*** Opening of RECORDS PROVIDED ***
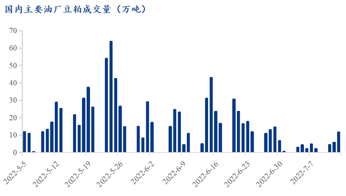 至于国内豆粕市场方面,从供给端来看,主要矛盾集中在受进口大豆利润倒挂影响,进口大豆采购进度偏慢,预计未来一段时间进口大豆到港量低。据Mysteel农产品数据显示,7-9月进口大豆预计到港量760万吨、650万吨和580万吨。对7-9月国内主要油厂的大豆压榨量预估暂为760万吨、780万吨和770万吨。仅此两项,届时9月底国内大豆去库预计320万吨。考虑到进口大豆拍卖出库150-200万吨,实际去库或在120-170万吨。截止2022年第27周7月8日当周,全国港口大豆库存为695.75万吨,则预计9月底有望降至520-570万吨。总的来说,三季度国内大豆库存将逐步进入到去库存阶段,豆粕将跟随这一趋势,但不会进入极度紧张的局面。
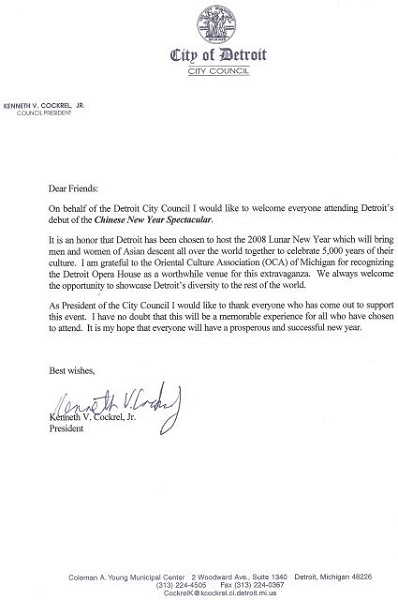底特律市议会主席肯尼斯•V•考克雷尔(Kenneth Cockrel)在贺信中表示:“在底特律市举办二零零八年华人新年晚会并庆祝具有五千年悠久历史的中华文化是底特律市的荣耀。我对东方文化协会选择在底特律歌剧院举办这台高水平晚会深表谢意。”“作为市议会主席,我谨向支持和来欣赏这台晚会的每一位嘉宾表示感谢。毫无疑问,每一位欣赏新年晚会的朋友将会留下难忘的记忆。祝朋友们新年发达和成功。”
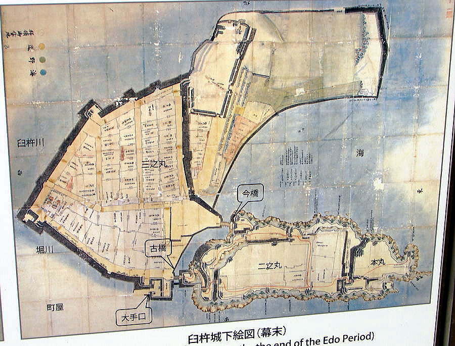 ■臼杵城絵図 ![]() 本丸、二之丸の周囲は海で、三之曲輪とは今橋と古橋の二つの橋で繋がっていた。本丸は島の突端に造られ、本丸の右下(西北隅)には3層4重の天守櫓があった。 |
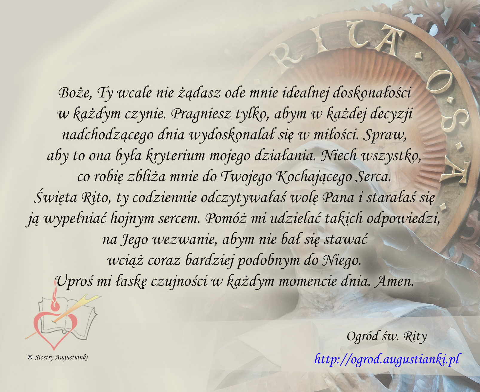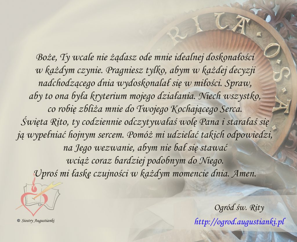 Święta Rito, ty codziennie odczytywałaś wolę Pana i starałaś się ją wypełniać hojnym sercem. Pomóż mi udzielać takich odpowiedzi, na Jego wezwanie, abym nie bał się stawać wciąż coraz bardziej podobnym do Niego. Uproś mi łaskę czujności w każdym momencie dnia. Amen.
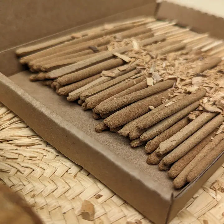 The ONLY ingredients in these incense sticks are ground herbs and wildflowers, makko (an inner bark that works like charcoal to keep everything burning), and acacia gum mixed with water for binding. This "dough" is layered onto raw untreated bamboo sticks by the artisan.
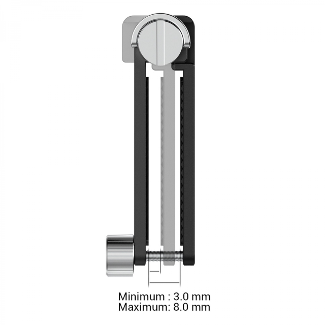 Sponka za kabel mobilnega telefona SmallRig je zasnovana za njihovo standardno univerzalno kletko za mobilni telefon in omogoča priključitev napajalnega kabla na telefon. Sponka je izdelana iz aluminijeve zlitine in jo je mogoče pritrditi na stran kletke z obročnim vijakom 1/4"-20D, tako da lahko kable, kot so USB Type-C, Lightning in drugi, z zategovanjem palčnega vijaka pritrdite na mesto. Primerna je za kable debeline od 0,1 do 0,3 mm in ima mehko notranje oblazinjenje, ki pripomore k večji učinkovitosti zaklepanja.
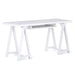 - Features a simple and wide, extra thick table top surface, integrated wood keyboard tray and sturdy sawhorse supports
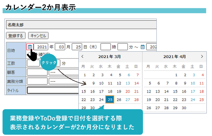 グループウェア内で日付を選択する際、カレンダーが2か月分表示になりました。
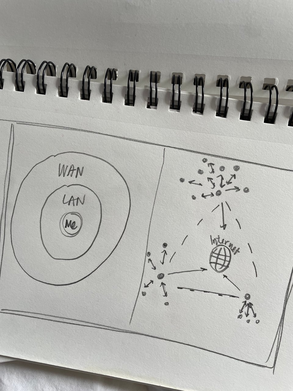 what interests me are the ways that the definitions and diagrams of LANs neatly illustrate these connections between devices absent of humans. in the relationships across our local area networks, it would appear that we neither play a part nor have a responsibility within our LANs. drawing these hard lines between humans and technology, ignore community as one of our earliest forms of technology and as essential to our networks. networks of mutual aid that provide healthcare, childcare, and financial support are examples of technologies of care within a local area network (or wide area network, also known as a WAN).
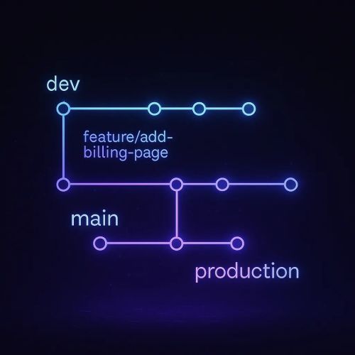 My Core Branches I only use three main branches across all my projects: production → deployed live to users main → stable, tested, ready to go dev → where I test, experiment, and integrate new features Everything else — features, fixes, and chores — branches off from dev.
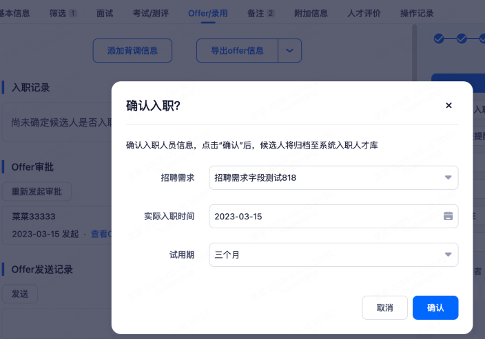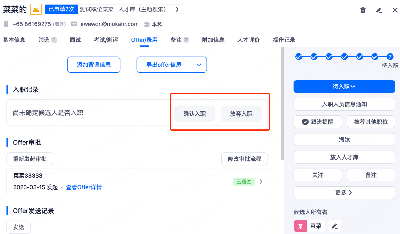 根据候选人的实际情况,选择确认入职或放弃入职。
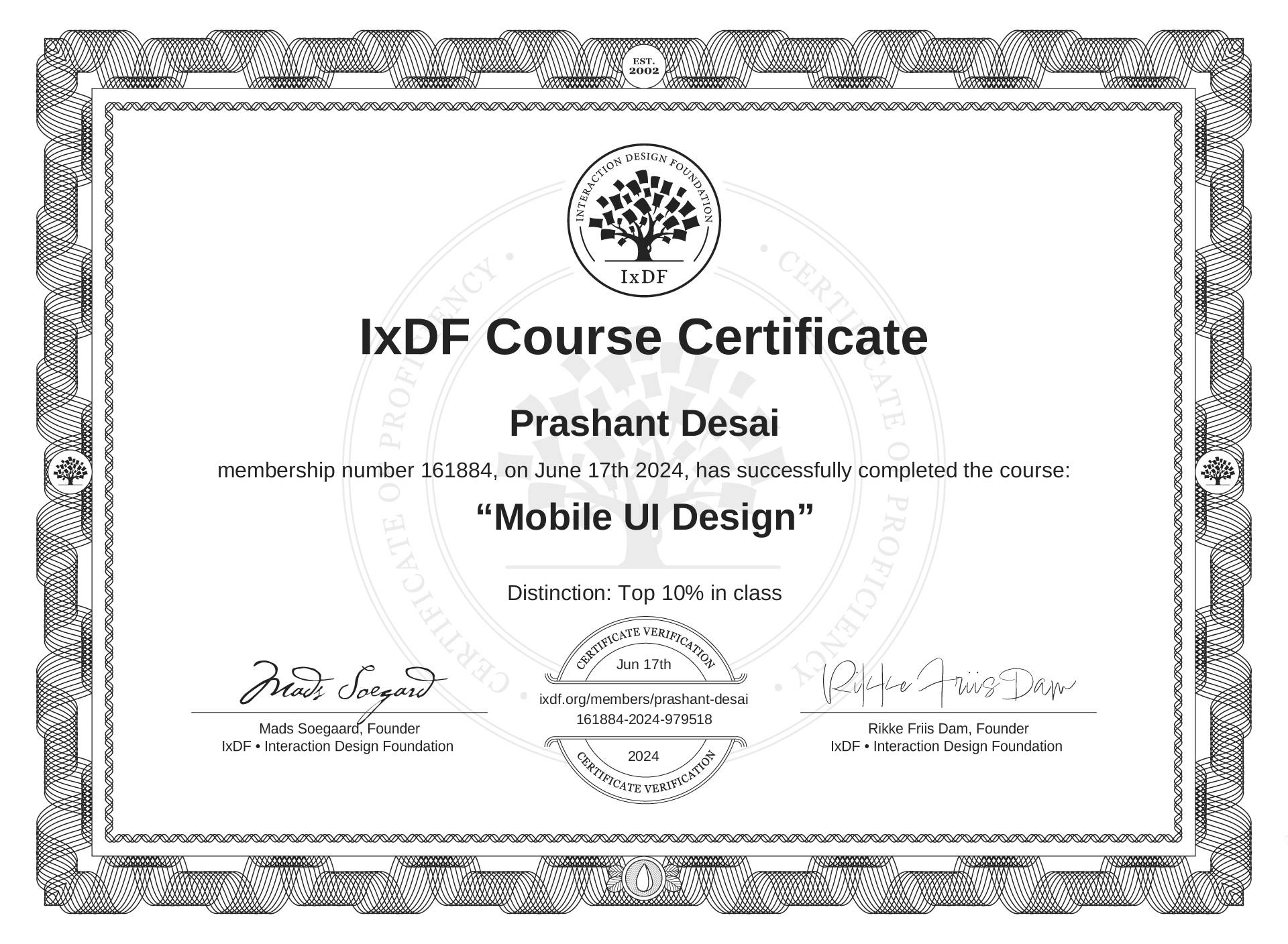 The IxDF Course Certificate above is awarded to Prashant Desai with a Top 10% Distinction in formal recognition of their coursework surpassing the rigorous benchmarks of exceptional performance established by the IxDF Educational Codex.
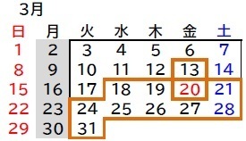 □で囲まれた日が開催日です
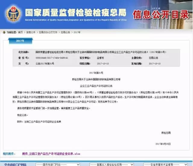 质检总局公告称: 因不再从事列入目录产品的生产活动、生产许可有效期届满未延续、企业主动申请注销等原因,质检总局已注销中国国际钢铁制品有限公司等6056家企业工业产品生产许可证,并将名单予以公布。
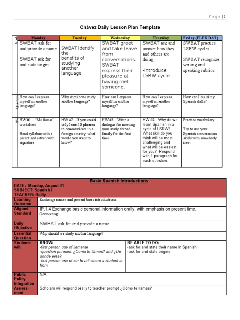 Homework HW #1 – Me llamo (worksheet: how would people like your mother, sister, etc. introduce
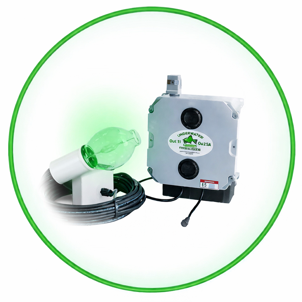 The Super Mega Brite Underwater Green Fishing Light System delivers superior fish-attracting performance with advanced green fishing lights technology. This 400 watt, premium green submersible fishing light creates an irresistible underwater green light beacon that draws baitfish and game fish to your location. Our underwater systems include a dusk to dawn photocell timer. Seeing the fish for pleasure or sport has never been easier and more fun!Upgrade your underwater green fishing light system with our custom "Lazy Boy Wifi Timer" and/or a protective cage.
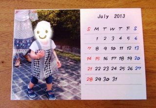 L判の写真用紙を使って、翌月のカレンダーを作る。
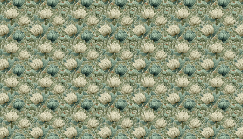 Bring a touch of timeless elegance to your home with this vintage floral wallpaper. The repeating pattern features large, delicate blossoms reminiscent of peonies or poppies, intertwined with graceful leaves and budding flowers. The detailed, hand-drawn style and refined color palette of off-white, dusty teal, and soft green give this botanical wallpaper a serene and classic feel. It's an ideal choice for a master bedroom, an elegant dining room, or a tranquil living area.
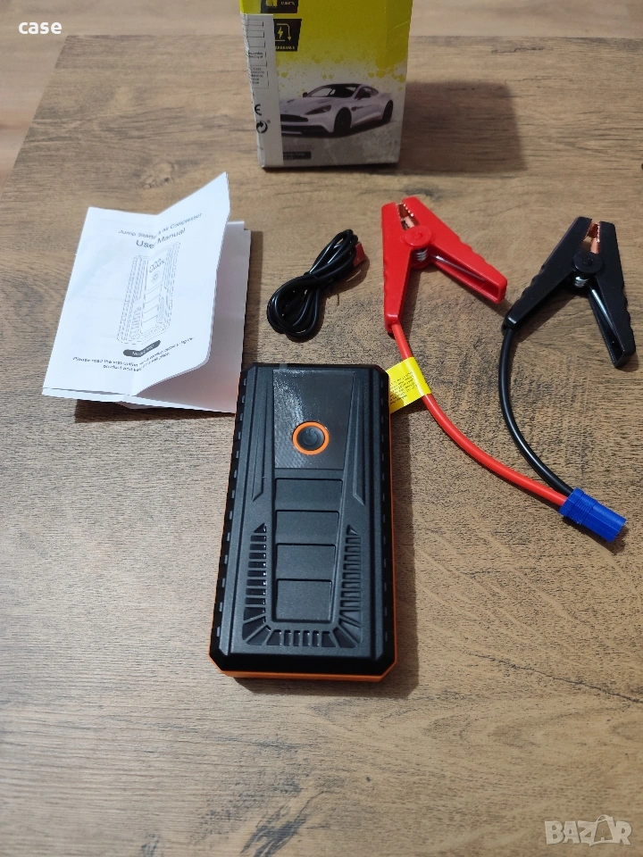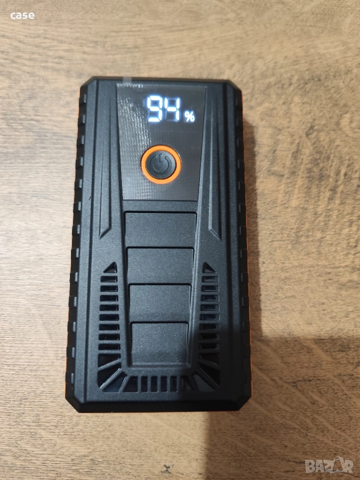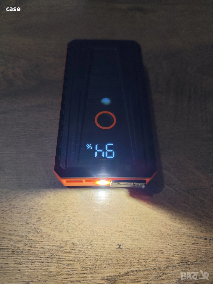 Мощен стартер за автомобили 12V ,стартира автомобили с паднал акумулатор за секунди.Устройството е леко и удобно,като не заема място и може лесно да се събере в чанта или някое отделение на автомобила.Единственото нещо което трябва да направиш е да свържеш червени и черния кабел с +и- и да натиснеш бутона за старт.Устройството е и като подвижна батерия и може да зарежда бързо два смартфона ,таблет или друго .Има USB и type C изход.Устройстото се зарежда с тype C кабел,който е включен в комплекта.Устройството има също така мощен фенер който може да ви помогне вечер.
*** Close of RECORDS PROVIDED ***
Give every entry again as it is, dropping its pictures.

EXERCISE RESPONSE.
 至于国内豆粕市场方面,从供给端来看,主要矛盾集中在受进口大豆利润倒挂影响,进口大豆采购进度偏慢,预计未来一段时间进口大豆到港量低。据Mysteel农产品数据显示,7-9月进口大豆预计到港量760万吨、650万吨和580万吨。对7-9月国内主要油厂的大豆压榨量预估暂为760万吨、780万吨和770万吨。仅此两项,届时9月底国内大豆去库预计320万吨。考虑到进口大豆拍卖出库150-200万吨,实际去库或在120-170万吨。截止2022年第27周7月8日当周,全国港口大豆库存为695.75万吨,则预计9月底有望降至520-570万吨。总的来说,三季度国内大豆库存将逐步进入到去库存阶段,豆粕将跟随这一趋势,但不会进入极度紧张的局面。
底特律市议会主席肯尼斯•V•考克雷尔(Kenneth Cockrel)在贺信中表示:“在底特律市举办二零零八年华人新年晚会并庆祝具有五千年悠久历史的中华文化是底特律市的荣耀。我对东方文化协会选择在底特律歌剧院举办这台高水平晚会深表谢意。”“作为市议会主席,我谨向支持和来欣赏这台晚会的每一位嘉宾表示感谢。毫无疑问,每一位欣赏新年晚会的朋友将会留下难忘的记忆。祝朋友们新年发达和成功。”
 ■臼杵城絵図 ![]() 本丸、二之丸の周囲は海で、三之曲輪とは今橋と古橋の二つの橋で繋がっていた。本丸は島の突端に造られ、本丸の右下(西北隅)には3層4重の天守櫓があった。 |
 Święta Rito, ty codziennie odczytywałaś wolę Pana i starałaś się ją wypełniać hojnym sercem. Pomóż mi udzielać takich odpowiedzi, na Jego wezwanie, abym nie bał się stawać wciąż coraz bardziej podobnym do Niego. Uproś mi łaskę czujności w każdym momencie dnia. Amen.
 The ONLY ingredients in these incense sticks are ground herbs and wildflowers, makko (an inner bark that works like charcoal to keep everything burning), and acacia gum mixed with water for binding. This "dough" is layered onto raw untreated bamboo sticks by the artisan.
 Sponka za kabel mobilnega telefona SmallRig je zasnovana za njihovo standardno univerzalno kletko za mobilni telefon in omogoča priključitev napajalnega kabla na telefon. Sponka je izdelana iz aluminijeve zlitine in jo je mogoče pritrditi na stran kletke z obročnim vijakom 1/4"-20D, tako da lahko kable, kot so USB Type-C, Lightning in drugi, z zategovanjem palčnega vijaka pritrdite na mesto. Primerna je za kable debeline od 0,1 do 0,3 mm in ima mehko notranje oblazinjenje, ki pripomore k večji učinkovitosti zaklepanja.
 - Features a simple and wide, extra thick table top surface, integrated wood keyboard tray and sturdy sawhorse supports
 グループウェア内で日付を選択する際、カレンダーが2か月分表示になりました。
 what interests me are the ways that the definitions and diagrams of LANs neatly illustrate these connections between devices absent of humans. in the relationships across our local area networks, it would appear that we neither play a part nor have a responsibility within our LANs. drawing these hard lines between humans and technology, ignore community as one of our earliest forms of technology and as essential to our networks. networks of mutual aid that provide healthcare, childcare, and financial support are examples of technologies of care within a local area network (or wide area network, also known as a WAN).
 My Core Branches I only use three main branches across all my projects: production → deployed live to users main → stable, tested, ready to go dev → where I test, experiment, and integrate new features Everything else — features, fixes, and chores — branches off from dev.
 根据候选人的实际情况,选择确认入职或放弃入职。
 The IxDF Course Certificate above is awarded to Prashant Desai with a Top 10% Distinction in formal recognition of their coursework surpassing the rigorous benchmarks of exceptional performance established by the IxDF Educational Codex.
 □で囲まれた日が開催日です
 质检总局公告称: 因不再从事列入目录产品的生产活动、生产许可有效期届满未延续、企业主动申请注销等原因,质检总局已注销中国国际钢铁制品有限公司等6056家企业工业产品生产许可证,并将名单予以公布。
 Homework HW #1 – Me llamo (worksheet: how would people like your mother, sister, etc. introduce
 The Super Mega Brite Underwater Green Fishing Light System delivers superior fish-attracting performance with advanced green fishing lights technology. This 400 watt, premium green submersible fishing light creates an irresistible underwater green light beacon that draws baitfish and game fish to your location. Our underwater systems include a dusk to dawn photocell timer. Seeing the fish for pleasure or sport has never been easier and more fun!Upgrade your underwater green fishing light system with our custom "Lazy Boy Wifi Timer" and/or a protective cage.
 L判の写真用紙を使って、翌月のカレンダーを作る。
 Bring a touch of timeless elegance to your home with this vintage floral wallpaper. The repeating pattern features large, delicate blossoms reminiscent of peonies or poppies, intertwined with graceful leaves and budding flowers. The detailed, hand-drawn style and refined color palette of off-white, dusty teal, and soft green give this botanical wallpaper a serene and classic feel. It's an ideal choice for a master bedroom, an elegant dining room, or a tranquil living area.
 Мощен стартер за автомобили 12V ,стартира автомобили с паднал акумулатор за секунди.Устройството е леко и удобно,като не заема място и може лесно да се събере в чанта или някое отделение на автомобила.Единственото нещо което трябва да направиш е да свържеш червени и черния кабел с +и- и да натиснеш бутона за старт.Устройството е и като подвижна батерия и може да зарежда бързо два смартфона ,таблет или друго .Има USB и type C изход.Устройстото се зарежда с тype C кабел,който е включен в комплекта.Устройството има също така мощен фенер който може да ви помогне вечер.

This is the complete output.